Prudential Investment Managers

Prudential Investment Managers

May 2019

What to do with your retirement benefit after you’ve resigned

There are three main Rs related to leaving your job: you’ve either retired, been retrenched, or resigned. Retirement is what you’ve been saving and investing towards for years; retrenchment is (in most cases) what you’ve been insuring yourself against; and resignation is usually an intentional move… but when it happens, many investors aren’t quite sure what to do. 

One of the biggest financial questions you’ll have to answer when you quit your job is what to do with your retirement savings. If you’ve been contributing to your employer’s pension or provident fund, you have a few options, of which the two most common are either to cash out the funds, or to transfer them to a preservation fund. A preservation fund is an investment vehicle that allows you to keep all of your savings intact, and you don’t incur any tax on transfer. Instead, your money continues to grow tax-free until you retire and start drawing down funds from it.  

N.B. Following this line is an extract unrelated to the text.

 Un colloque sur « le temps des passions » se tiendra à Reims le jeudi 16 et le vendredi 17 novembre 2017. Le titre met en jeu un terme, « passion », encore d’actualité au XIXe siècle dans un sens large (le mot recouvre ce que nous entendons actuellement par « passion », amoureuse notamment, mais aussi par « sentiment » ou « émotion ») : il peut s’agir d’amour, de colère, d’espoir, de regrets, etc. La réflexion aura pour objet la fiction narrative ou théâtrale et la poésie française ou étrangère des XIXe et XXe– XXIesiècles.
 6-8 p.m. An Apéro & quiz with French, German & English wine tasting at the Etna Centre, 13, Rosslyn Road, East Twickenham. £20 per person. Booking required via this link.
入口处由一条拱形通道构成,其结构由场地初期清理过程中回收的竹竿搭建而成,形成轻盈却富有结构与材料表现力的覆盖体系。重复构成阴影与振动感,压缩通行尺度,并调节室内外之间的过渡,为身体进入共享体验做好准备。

While these two options seem fairly straightforward, it’s often at this intersection where the big battle between your head and your heart takes place… do you take the money and run, or do you act wisely and invest in your future? 

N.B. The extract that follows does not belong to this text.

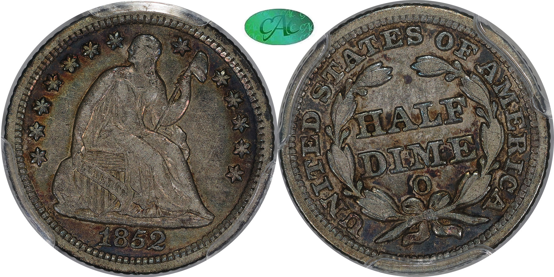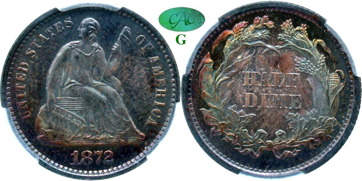 Watery Mirrored, Colorful Presentation, Pristine Surfaces, Fresh CACG Grading. GFRC Cost Basis! - 1872 Liberty Seated half dimes proof strikes totaled 950 pieces. This survivor has been meticulous preserved leading to a host of positive attributes. First are the watery mirrors noted under a bright light along with colorful toning that consists of blues, aquamarine, and gold on the obverse while the reverse presents a rose center surrounded by green-gold overlaying the wreath. Second are the pristine surfaces without any traces of a single hairline. Finally, the strike is fully executed along with partial wire rims. The watery mirrors will be thoroughly enjoyed under a bright light. The lovely little half dime has been conservatively graded and is housed in new CAC Grading holder and graded consistent with CAC approval standards.

Depending on how long you’ve been working, and how much you’ve contributed, there might be a fairly generous amount of cash sitting in your retirement fund. It’s hugely tempting to take the money and use it for things like paying off your credit card, renovating your home or splashing out on a well-deserved holiday. But if you speak to your financial adviser, they’ll probably offer you a single simple piece of advice: Don’t do it

Countless studies and surveys have shown that the vast majority of South African retirement fund members aren’t retiring with enough money. One of the leading causes of this is that members aren’t saving enough, which is then exacerbated when they decide against preserving their retirement benefit after changing jobs. And even though the cash might look tempting, once the taxman takes his slice right away (which he does to discourage exactly this kind of behaviour), you’re likely to end up with significantly less than what you’d hoped for. 

Perhaps you’re thinking that you can simply “catch up” on your retirement savings by contributing more at a later stage. If this is the case, you may be in for an unpleasant surprise. Not only is your retirement benefit reduced by taxes (as mentioned above), it also misses out on the opportunity to compound over time. What this means that you’ll end up having to contribute a lot more than what you took out, simply to break even. Try our retirement fund calculator to see just how much of a difference a few thousand rands can have on your long-term retirement goals. The results are often scary! 

Leaving your job is a major event in your life, and you’ll need a steady hand (and a clear head) to guide you through it, helping to make sure that you stay on track towards your retirement goals. Your financial adviser will be able to assist you in making the most appropriate decision for your particular circumstances: your risk profile, your time horizon, and your ultimate goals. 

In summary, the key thing when you’re leaving or changing jobs is to manage your retirement benefit correctly. In most instances, it’s better to transfer your retirement benefits directly into a preservation fund. And if the urge to take the cash starts seeming more and more appealing, remember… that lump-sum payment could either be a valuable part of your existing investment strategy, or (if you choose poorly) a missed opportunity. Don’t sacrifice your long-term well-being for a short-term gain.